- _Your goal_: Leave the pictures out, and transcribe the material below exactly from the line with "Mniej znaczy więcej: stojak" to the line with "김포시 고촌도서관이 2026년", both lines included.

- _Records provided_:
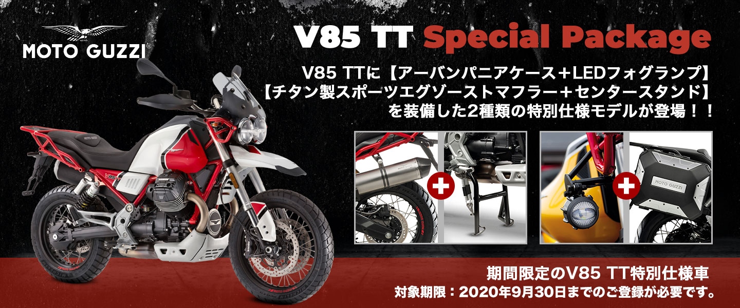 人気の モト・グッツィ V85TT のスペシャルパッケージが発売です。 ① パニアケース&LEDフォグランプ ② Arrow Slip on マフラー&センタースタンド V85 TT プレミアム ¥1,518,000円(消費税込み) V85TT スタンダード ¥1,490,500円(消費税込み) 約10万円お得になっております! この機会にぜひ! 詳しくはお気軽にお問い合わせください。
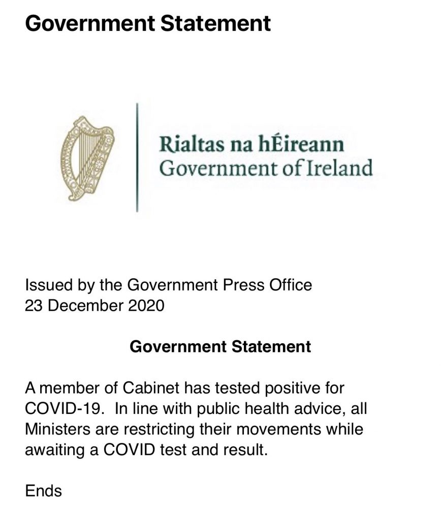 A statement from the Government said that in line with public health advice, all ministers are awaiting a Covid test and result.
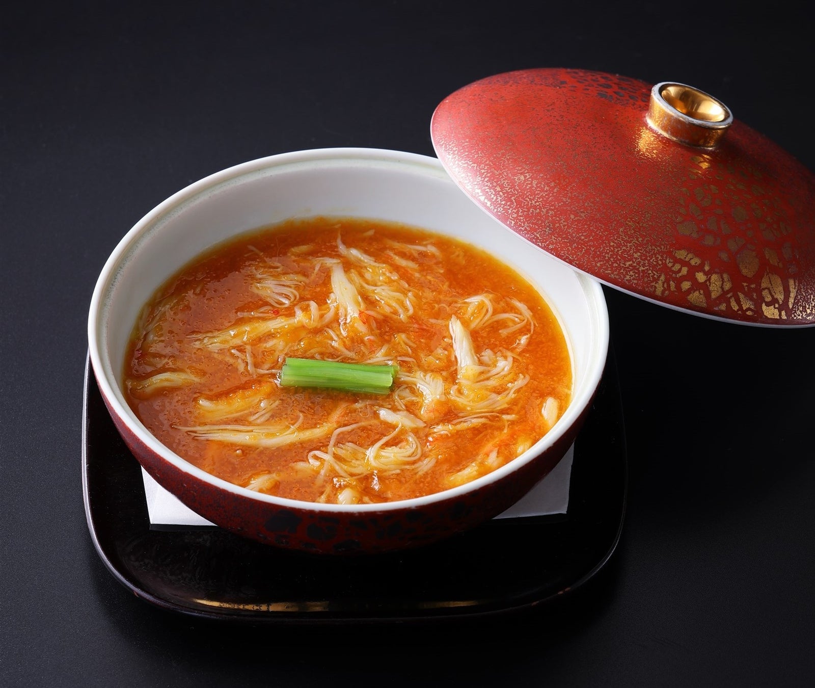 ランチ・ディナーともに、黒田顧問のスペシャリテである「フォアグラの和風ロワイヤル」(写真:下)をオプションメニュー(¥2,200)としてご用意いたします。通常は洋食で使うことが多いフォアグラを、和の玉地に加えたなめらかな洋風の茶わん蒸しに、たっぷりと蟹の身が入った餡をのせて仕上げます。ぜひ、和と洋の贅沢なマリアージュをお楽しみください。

---

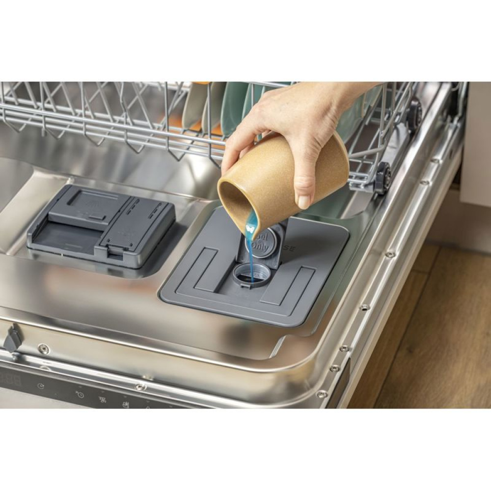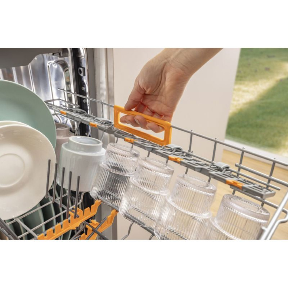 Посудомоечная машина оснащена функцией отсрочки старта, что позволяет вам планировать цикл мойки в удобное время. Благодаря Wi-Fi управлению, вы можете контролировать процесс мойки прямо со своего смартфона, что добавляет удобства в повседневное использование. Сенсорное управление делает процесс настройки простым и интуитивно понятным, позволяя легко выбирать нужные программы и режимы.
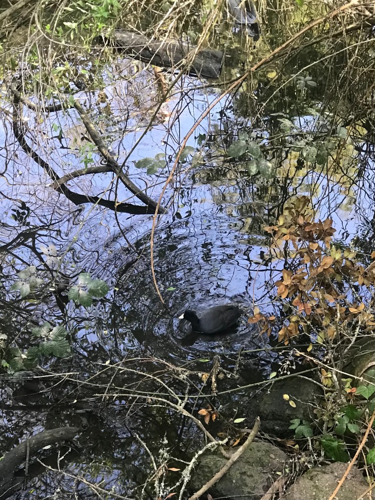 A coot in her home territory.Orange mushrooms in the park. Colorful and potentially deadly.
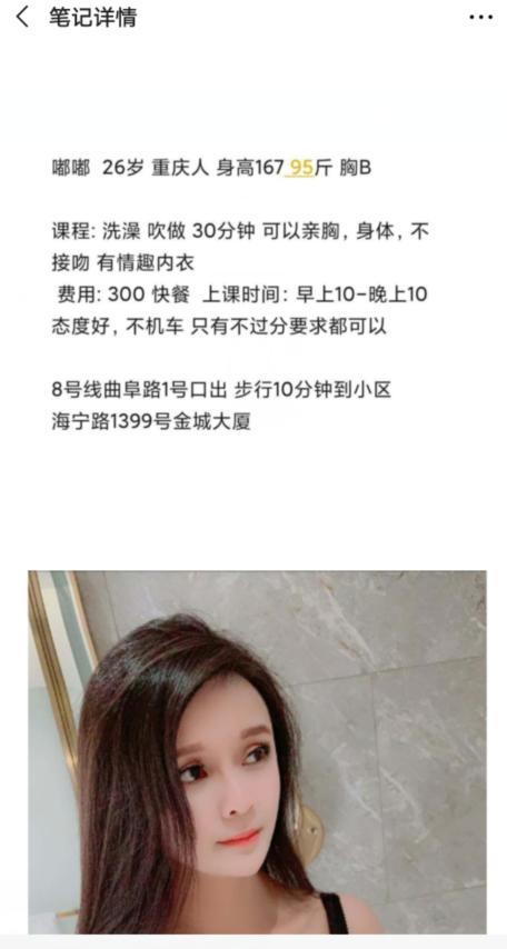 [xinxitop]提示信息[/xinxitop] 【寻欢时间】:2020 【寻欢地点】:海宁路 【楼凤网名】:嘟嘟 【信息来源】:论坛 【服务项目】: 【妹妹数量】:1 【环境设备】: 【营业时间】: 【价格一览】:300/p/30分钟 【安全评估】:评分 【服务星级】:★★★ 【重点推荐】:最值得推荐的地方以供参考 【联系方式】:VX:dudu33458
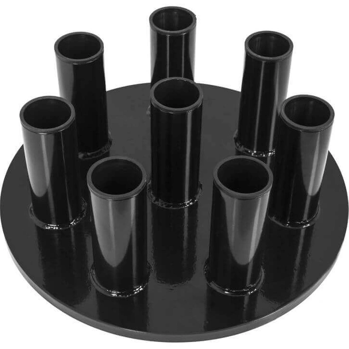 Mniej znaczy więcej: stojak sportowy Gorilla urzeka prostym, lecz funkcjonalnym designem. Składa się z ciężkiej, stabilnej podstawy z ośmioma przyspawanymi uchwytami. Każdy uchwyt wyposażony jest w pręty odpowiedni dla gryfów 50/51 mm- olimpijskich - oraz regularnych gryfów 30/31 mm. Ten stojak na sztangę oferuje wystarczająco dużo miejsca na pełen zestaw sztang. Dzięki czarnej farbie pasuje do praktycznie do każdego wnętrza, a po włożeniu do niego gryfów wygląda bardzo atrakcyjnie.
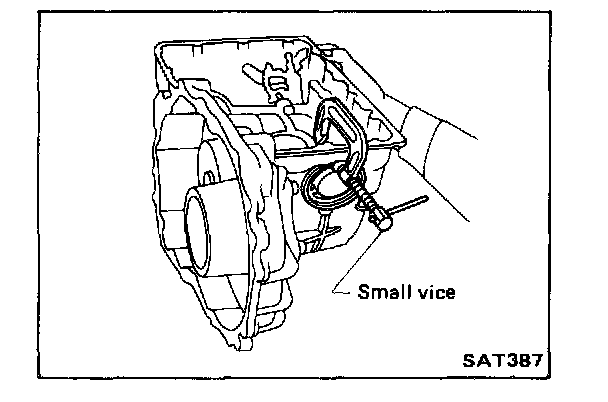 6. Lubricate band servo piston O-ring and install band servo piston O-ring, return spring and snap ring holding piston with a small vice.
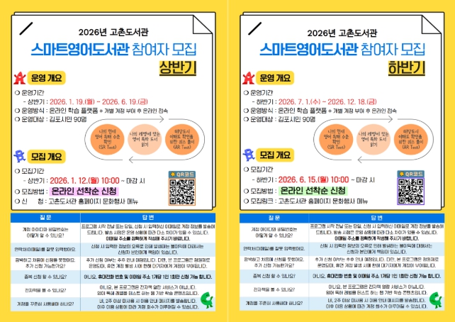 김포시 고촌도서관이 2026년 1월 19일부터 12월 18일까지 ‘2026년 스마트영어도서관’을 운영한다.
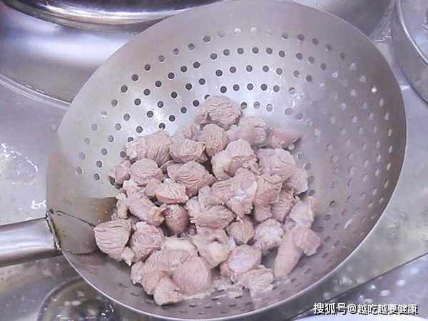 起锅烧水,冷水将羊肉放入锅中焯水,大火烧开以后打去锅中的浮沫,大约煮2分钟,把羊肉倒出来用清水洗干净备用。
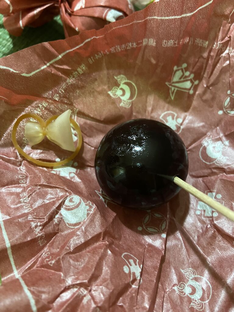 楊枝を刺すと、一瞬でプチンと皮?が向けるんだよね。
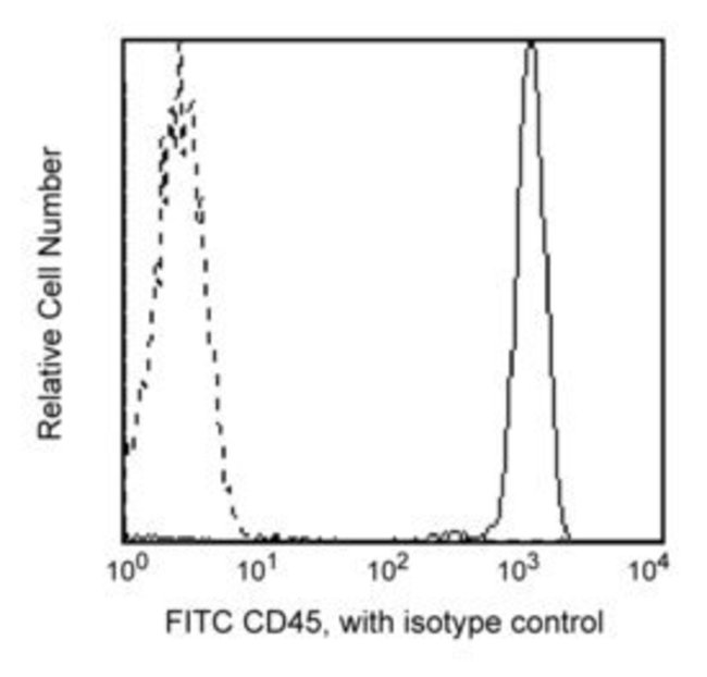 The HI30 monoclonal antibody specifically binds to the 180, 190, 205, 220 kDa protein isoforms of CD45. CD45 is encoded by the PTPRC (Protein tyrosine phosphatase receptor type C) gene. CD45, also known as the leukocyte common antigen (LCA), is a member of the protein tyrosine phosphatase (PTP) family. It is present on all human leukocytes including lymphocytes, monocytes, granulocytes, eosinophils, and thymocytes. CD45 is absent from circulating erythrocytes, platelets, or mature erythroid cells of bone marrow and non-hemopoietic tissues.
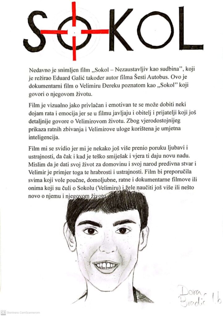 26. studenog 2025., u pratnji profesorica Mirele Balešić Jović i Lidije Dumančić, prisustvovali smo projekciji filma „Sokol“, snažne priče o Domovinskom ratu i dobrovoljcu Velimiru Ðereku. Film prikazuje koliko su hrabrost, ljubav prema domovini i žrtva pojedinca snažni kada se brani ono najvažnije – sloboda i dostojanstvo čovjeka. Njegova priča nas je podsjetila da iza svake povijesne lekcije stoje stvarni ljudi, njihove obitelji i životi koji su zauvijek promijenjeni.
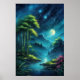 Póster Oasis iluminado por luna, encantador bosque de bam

- _Your solution_:
 Mniej znaczy więcej: stojak sportowy Gorilla urzeka prostym, lecz funkcjonalnym designem. Składa się z ciężkiej, stabilnej podstawy z ośmioma przyspawanymi uchwytami. Każdy uchwyt wyposażony jest w pręty odpowiedni dla gryfów 50/51 mm- olimpijskich - oraz regularnych gryfów 30/31 mm. Ten stojak na sztangę oferuje wystarczająco dużo miejsca na pełen zestaw sztang. Dzięki czarnej farbie pasuje do praktycznie do każdego wnętrza, a po włożeniu do niego gryfów wygląda bardzo atrakcyjnie.
 6. Lubricate band servo piston O-ring and install band servo piston O-ring, return spring and snap ring holding piston with a small vice.
 김포시 고촌도서관이 2026년 1월 19일부터 12월 18일까지 ‘2026년 스마트영어도서관’을 운영한다.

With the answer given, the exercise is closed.